Microsoft 365: Message Center Highlights

by HubSite 365 about 365 Message Center Show

Copilot adds visualize and review skills to PowerPoint, SharePoint authoritative sites and OneDrive quota enforcement

Key insights

  • Microsoft 365 Message Center now uses shorter, clearer posts with actionable summaries, a timing column, and a dedicated section for security and compliance to help admins plan changes faster and with less guesswork.

  • SharePoint home sites received updates that improve navigation and admin controls so organizations can make home sites more relevant and easier to manage for users.

  • HTML formatting in Planner lets Message Center posts keep rich text when they sync to Planner tasks, so admins see clearer instructions and retain important formatting in action items.

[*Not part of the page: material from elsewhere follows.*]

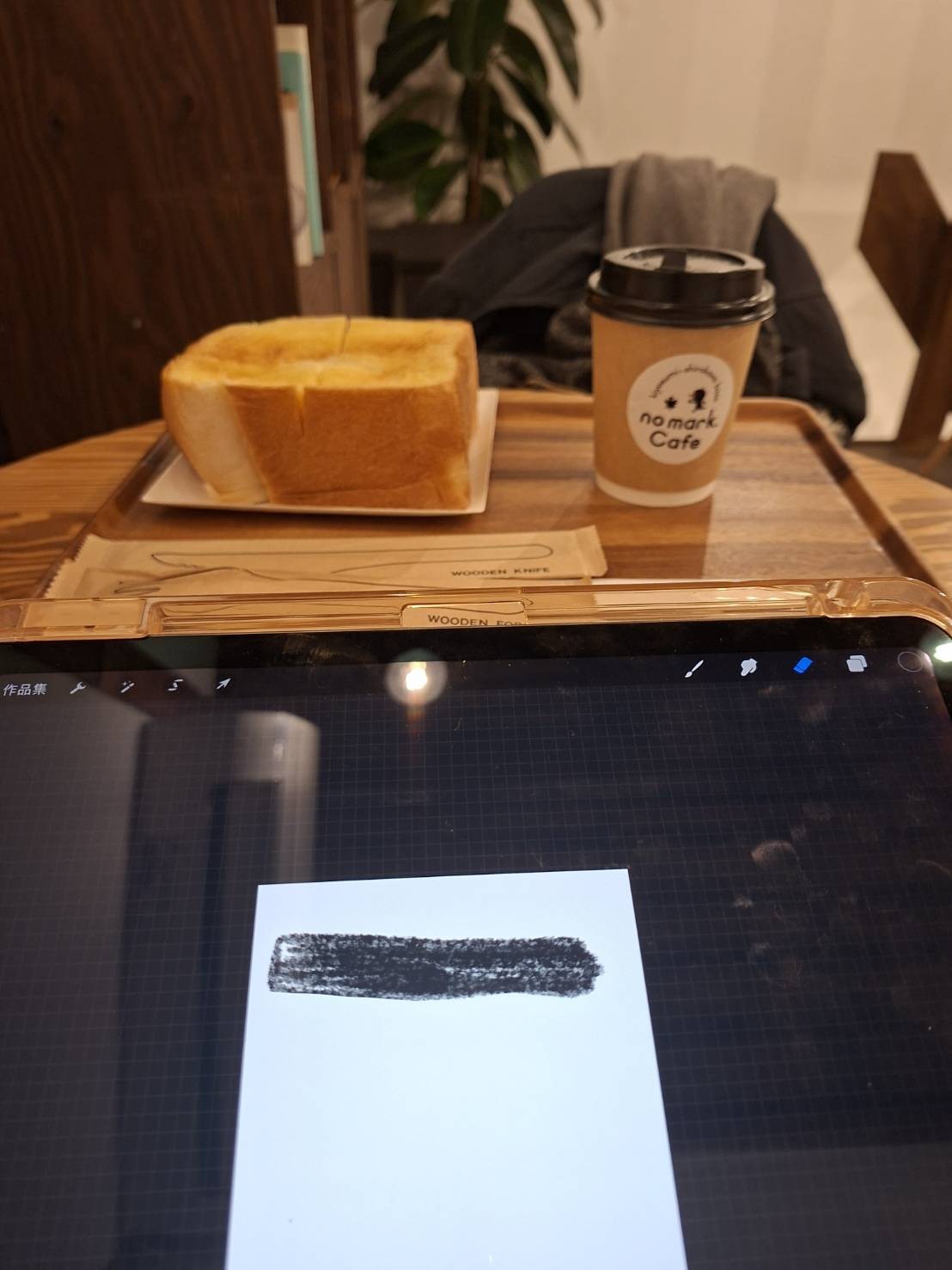畫好銅鑼燒外型,基本上色,餐點也送來了。不只如此,老闆還送來了一個好消息:今天營業時間改到六點,請慢慢享用。

  • PowerPoint Copilot skills add two practical tools: “Visualize this slide” to generate or enhance slide visuals, and “Review this presentation” to check tone, consistency, and suggest edits to improve clarity.

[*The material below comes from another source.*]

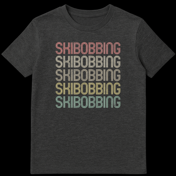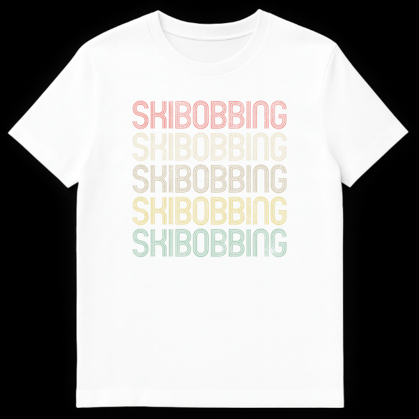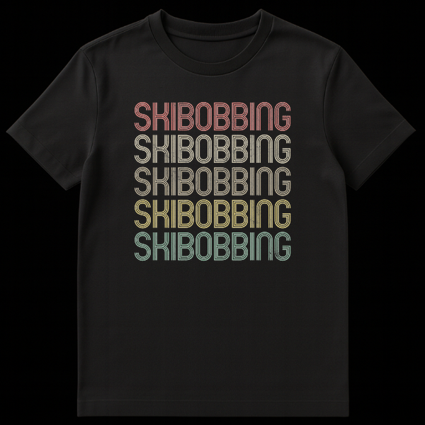 Embrace your passion for the slopes with this unique Skibobbing t-shirt. Featuring the word “SKIBOBBING” repeated five times in a distressed, multi-line retro font, it celebrates this niche winter sport with a cool vintage vibe. This design is perfect for skibobbing enthusiasts, winter sports lovers, or anyone who appreciates a classic, understated declaration of their favorite activity.

  • Power Automate now supports restoring accidentally deleted flows, letting admins recover automation quickly and avoid rebuilding complex logic from scratch.

  • SharePoint storage quotas will be enforced to match licensing limits, affecting OneDrives over quota; admins should free space or adjust licenses. Also, you can mark specific Authoritative Sites so Microsoft Copilot Search prioritizes trusted SharePoint content when generating answers.

The latest episode of the 365 Message Center Show (Episode 426) reviews several Microsoft 365 updates that will matter to IT teams and content owners. In the video, the host highlights a mix of feature launches and policy changes, from AI enhancements in PowerPoint to storage enforcement for OneDrive and refined search grounding in SharePoint. As a result, administrators should expect both new capabilities and new management responsibilities in the weeks ahead. Therefore, it is useful to look at each change and weigh the benefits against the operational costs.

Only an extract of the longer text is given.